That’s ‘duly’ noted and.....whatever. This thread got way off course – it’s not just about our moral attitudes towards raising children...it’s about Tony Stewart saying whatever he feels like without any respect for who’s on the other side of the TV and being held accountable for it. So, duly note whatever you want...just remember it became a problem when you compared other people’s ethics with “playing a card”. I’ve been through this before, I take it seriously, and I assure you that raising kids has nothing in common with playing cards – duly noted.


----------



## Jesse Bean (Sep 26, 2004)

I appolagize for mouthing off. I can edit my comments but tony can't.
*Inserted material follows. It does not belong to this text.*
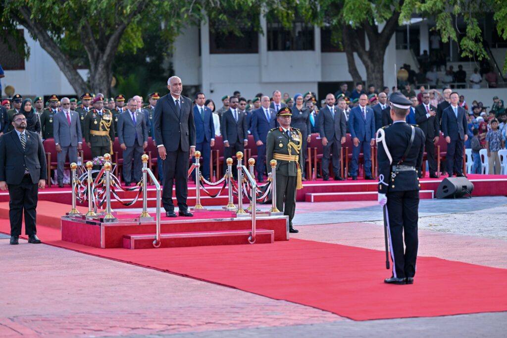 އަސްކަރީ ހުށަހެޅުމުގެ ޙަރަކާތް ފެށުމުގެ ކުރިން، ދިވެހި ސިފައިން ވަނީ، ރައީސުލްޖުމްހޫރިއްޔާ ޑޮކްޓަރ މުޙައްމަދު މުޢިއްޒަށް އަސްކަރީ ކުރުނީހެއް އަރުވައިފައެވެ. އެއަށްފަހު، ޗީފް އޮފް ޑިފެންސް ފޯސް މޭޖަރ ޖެނެރަލް އިބްރާހީމް ޙިލްމީ ވާހަކަފުޅު ދެއްކެވިއެވެ.

I really believe that the broadcasters should have a delay to enable them to catch situations like this.


----------



## Racin'Jason 8 (Nov 19, 2002)

No Problem...teammate!


----------



## mr_meat68 (Jan 30, 2005)

waaaaaay to funny...


----------



## SteveHanson (May 11, 2007)

Are you guys gonna use the tongue when you kiss and make up?


----------



## Racin'Jason 8 (Nov 19, 2002)

Easy Steve...that's inappropriate!


----------



## Bill Johnson (Jul 12, 2004)

All I know is, if I just won a second Brickyard race, climbed a fence with my crew, won Over a million Dollars of winnings, and I was caught up in the moment with emotion and joy, I'd probably do the same thing, and then kiss the Bricks. None of you could say that you wouldn't for sure.....I don't know of a single person that I've met in my lifetime that doesn't swear in general, even if it's once in a while....But, you throw a million or so dollars in the mix, and win a prestigious race..Again...I'd think that even that one person who "Never" swears wouldn't care who's looking or listening....  

Jason, were you this upset way back when, however long ago it was when Junior swore???Not starting anything, unless you want me to, just wondering in general, wouldn't want to see you contradict yourself Pally.... :wave:

GrandRiverNitro, your absolutely right.....My daughter is 9, and thinks she's 29 because of what takes place in the school systems..Kids aren't robots, you can't program them, they do have ears...But, you can "Try" to police what they hear, but then again, I can't take time off work to sit next to her every day, everywhere she goes until she's 18.....


----------



## Racin'Jason 8 (Nov 19, 2002)

Bill,

If you re-read the posts you'll find that I only got 'upset' when it was suggested to "get over it" - which I shouldn't have taken personally. I've been in many public situations where I've had to ask people to stop swearing in the presence of kids - not only my own. Ever seen the look on a kids face after he hears the F-bomb for the first time? Of course it will eventually happen...but it shouldn't come from a role model. I tried to spark a discussion (which I got) about Stewart and how arrogant he is. Yes...Junior also slipped during genuine excitement, but Stewart seems to go out of his way to express his general lack of respect. He can't even respond to a question about 'climbing the fence' without being on the offense.

You can 'start' anything you want...I'll pretend it's 'SKULLED' talking. LOL.


----------